▶ **Exercise description**:
Reproduce the listing below exactly, except for its pictures.

▶ **Material provided**:
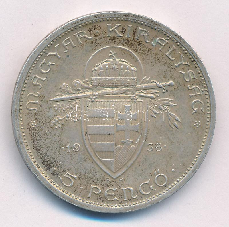 Leírás: 1938. 5P Ag "Szent István" T:1--2 patina Adamo P8.1
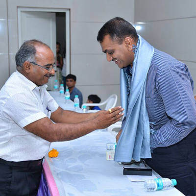 Manhar Patel (President, Shri Taxashila Lokseva Mandal) with Hasmukh Patel (ex-Education Minister of Gujarat), Michael O. Smith (Chairman, NADA USA) and Pargi Jail (SP) at Sabarmati Jail
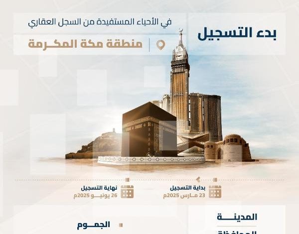 أعلن السجل العقاري اليوم، عن بدء استقبال طلبات التسجيل العيني الأول لـ159 قطعة عقارية في جزء من حي النقابة بمحافظة…
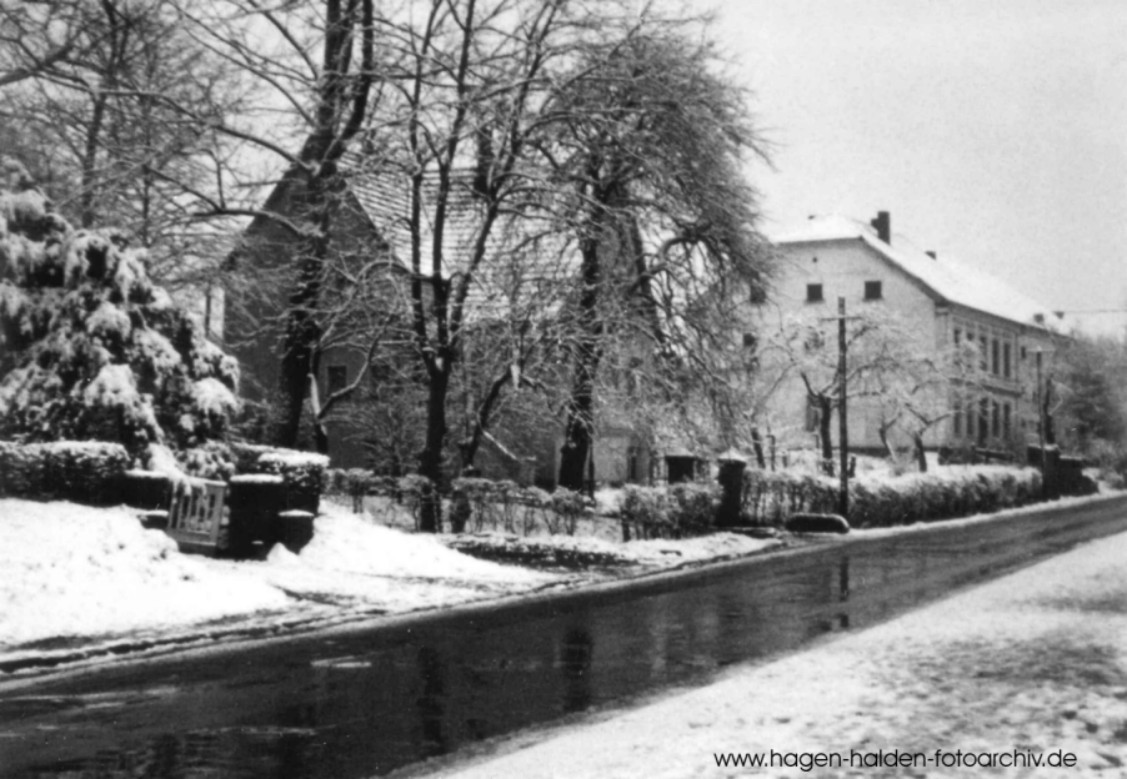 Die Berchumer Strasse im Februar 1960 - das rechte Gebäude ist das Hauptgebäude des Hofes Schnöring-Bungstock

▶ **Solved problem**:
 Leírás: 1938. 5P Ag "Szent István" T:1--2 patina Adamo P8.1
 Manhar Patel (President, Shri Taxashila Lokseva Mandal) with Hasmukh Patel (ex-Education Minister of Gujarat), Michael O. Smith (Chairman, NADA USA) and Pargi Jail (SP) at Sabarmati Jail
 أعلن السجل العقاري اليوم، عن بدء استقبال طلبات التسجيل العيني الأول لـ159 قطعة عقارية في جزء من حي النقابة بمحافظة…
 Die Berchumer Strasse im Februar 1960 - das rechte Gebäude ist das Hauptgebäude des Hofes Schnöring-Bungstock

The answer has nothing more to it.